LOS ANGELES -- US Geological Survey seismologist Lucy Jones remembers attending an emergency training session in August 2001 with the Federal Emergency Management Agency that discussed the three most likely catastrophes to strike the United States.
First on the list was a terrorist attack in New York. Second was a super-strength hurricane hitting New Orleans. Third was a major earthquake on the San Andreas Fault.
Now that the first two have come to pass, she and other earthquake specialists are using the Hurricane Katrina devastation as an opportunity to reassess how California would handle a major temblor.
Jones, scientist-in-charge for the geological survey's Southern California Earthquake Hazards Team, and other scientists generally agree that California has come a long way in the past two decades in seismic safety.
In Los Angeles, all but one of 8,700 unreinforced masonry buildings -- considered the most likely to collapse in a major quake -- have been retrofitted or demolished. The state spent billions after the 1994 Northridge quake to retrofit some 2,100 freeway overpasses, reporting last week that only a handful remain unreinforced.
Despite these improvements, however, officials contend that a major temblor could cause the level of destruction and disruption seen in the past weeks on the Gulf Coast.
About 900 hospital buildings that state officials have identified as needing either retrofitting or replacement have yet to receive them, and the state recently agreed to five-year extensions for hospitals that can't meet the 2008 deadline to make the fixes. Some 7,000 school buildings across the state would also be vulnerable during a huge temblor, a state study found, though there is no firm timetable for upgrading the structures.

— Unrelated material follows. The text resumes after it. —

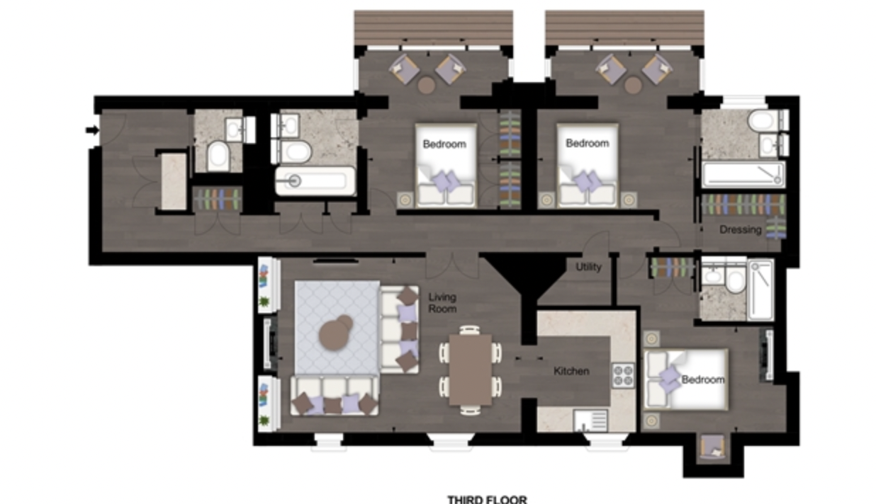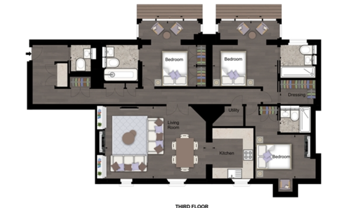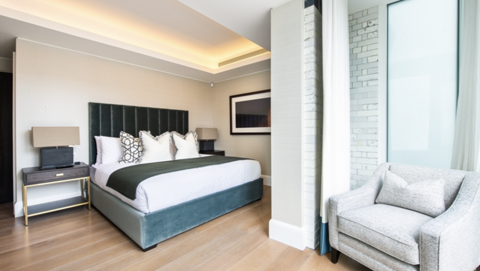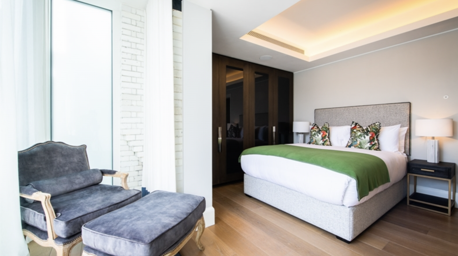 This second-floor luxury apartment has been finished to the highest of specifications using the finest materials and latest “smart home” technology. The apartment comprises an open-plan living area with a beautiful bespoke kitchen with integrated lighting, Gaggenau appliances along with natural oak flooring. The bathrooms are created out of Galina limestone and silver travertine which helps create a sensual ad relaxing atmosphere.

And four Los Angeles Police Department facilities -- including the Parker Center headquarters downtown -- worry officials, because they were built under less stringent earthquake standards and might not survive a major temblor. Only two of the LAPD's 19 stations meet the most rigorous quake-safe rules.
''We could be dealing with infrastructure issues a lot like New Orleans," Jones said. ''Our natural gas passes through the Cajon Pass. . . . Water -- three pipelines cross the San Andreas Fault in an area that is expected to go in an earthquake." Railway lines are also vulnerable, she said.
A catastrophic temblor at the right spot along the San Andreas could significantly reduce energy and water supplies at least temporarily, she and others said. Researchers at the Southern California Earthquake Center said there is an 80 percent to 90 percent chance that a temblor of 7.0 or greater magnitude will strike Southern California before 2024.
''We aren't anywhere close to where I wish we were" in terms of seismic safety, Jones said.
Seismologists are particularly concerned about a type of building that has gained far less attention than unreinforced masonry.
There are about 40,000 structures in California made from ''nonductile reinforced concrete," a rigid substance susceptible to cracking. This was a common construction ingredient for office buildings in the 1950s and '60s, before the state instituted stricter standards. Few such structures have been seismically retrofitted, officials said.